— Exercise description —
Nothing but the records, repeated word for word and free of pictures, belongs in the answer.

— Material for this task —
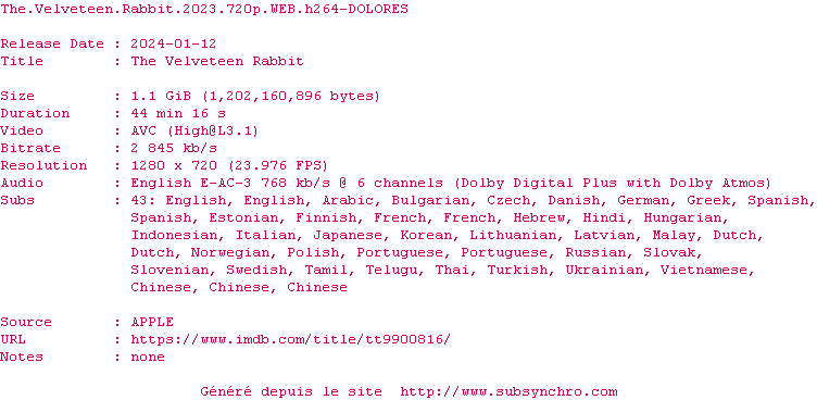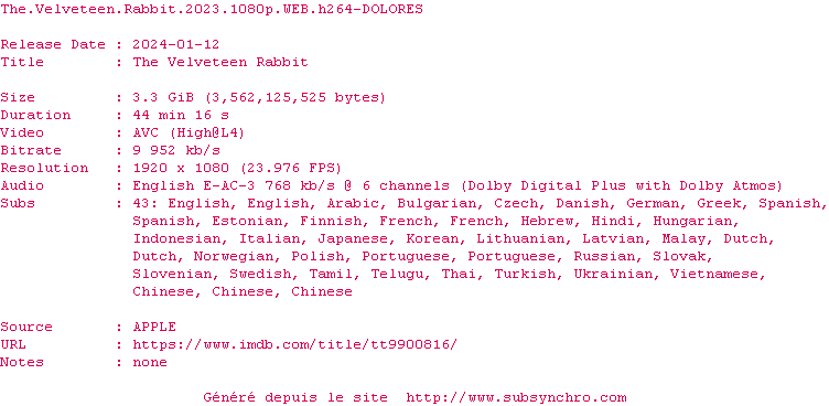 Voir le nfo de la release The.Velveteen.Rabbit.2023.1080p.WEB.H264-DOLORES
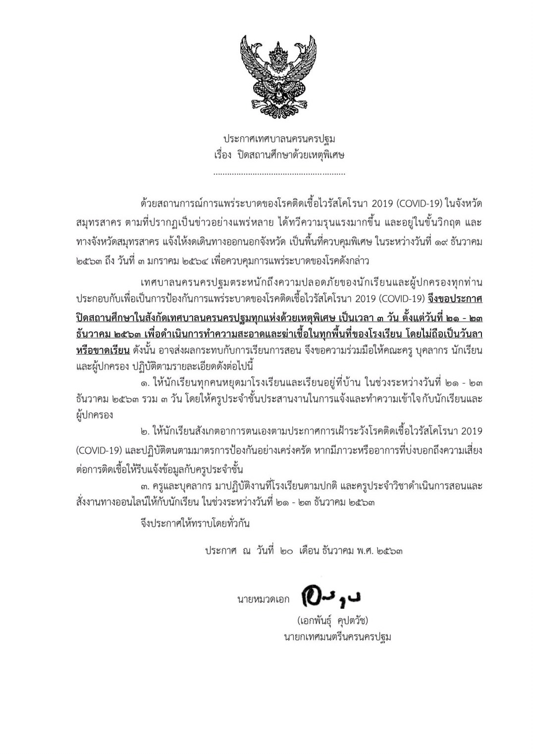 นายกฯทน.นครปฐมสั่งปิดโรงเรียน3วัน หลังพบผู้ป่วย2คนสั่งเช็คไทม์ไลน์-ล้างรร.
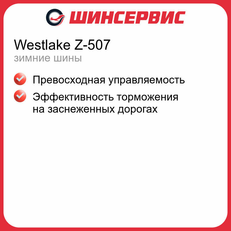 Westlake Z507 Zuper Snow. Отличается высокой эффективностью, длительным сроком эксплуатации и мягким комфортным ходом. В этих шинах применяется асимметричный узор рабочей поверхности, что свойственно для покрышек класса HP и UHP.
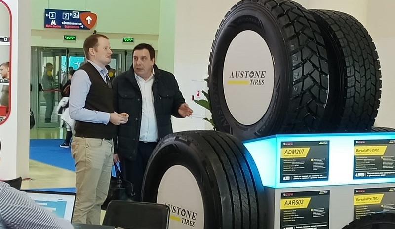 Из числа других шинных компаний, приехавших на «Комтранс», стоит отметить и предприятие «Росшина-Инвест». Этот импортер автопокрышек продемонстрировал на выставке сразу две зимних новинки марки Austone BorealiaPro — широкую рулевую шину-«пятитонку» 385/65R22.5 T803, а также модели 315/70R22.5 D802, предназначенные для установки на рулевой и ведущей осях. Обе грузовые покрышки разработаны совместно с компанией Prinx Chengshan Tire Company специально для жестких условий русской зимы, когда многие трассы оказываются покрыты обледеневшим снегом.
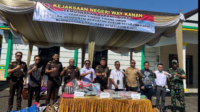 WAY KANAN, L86News.com – Kejaksaan Negeri (Kejari) Way Kanan melakukan pemusnahan barang bukti dari berbagai perkara di halaman kantor Kejari setempat, Rabu (24/9/2025). Kegiatan ini turut dihadiri jajaran Forkopimda Kabupaten Way Kanan.

— Task response —
 Voir le nfo de la release The.Velveteen.Rabbit.2023.1080p.WEB.H264-DOLORES
 นายกฯทน.นครปฐมสั่งปิดโรงเรียน3วัน หลังพบผู้ป่วย2คนสั่งเช็คไทม์ไลน์-ล้างรร.
 Westlake Z507 Zuper Snow. Отличается высокой эффективностью, длительным сроком эксплуатации и мягким комфортным ходом. В этих шинах применяется асимметричный узор рабочей поверхности, что свойственно для покрышек класса HP и UHP.
 Из числа других шинных компаний, приехавших на «Комтранс», стоит отметить и предприятие «Росшина-Инвест». Этот импортер автопокрышек продемонстрировал на выставке сразу две зимних новинки марки Austone BorealiaPro — широкую рулевую шину-«пятитонку» 385/65R22.5 T803, а также модели 315/70R22.5 D802, предназначенные для установки на рулевой и ведущей осях. Обе грузовые покрышки разработаны совместно с компанией Prinx Chengshan Tire Company специально для жестких условий русской зимы, когда многие трассы оказываются покрыты обледеневшим снегом.
 WAY KANAN, L86News.com – Kejaksaan Negeri (Kejari) Way Kanan melakukan pemusnahan barang bukti dari berbagai perkara di halaman kantor Kejari setempat, Rabu (24/9/2025). Kegiatan ini turut dihadiri jajaran Forkopimda Kabupaten Way Kanan.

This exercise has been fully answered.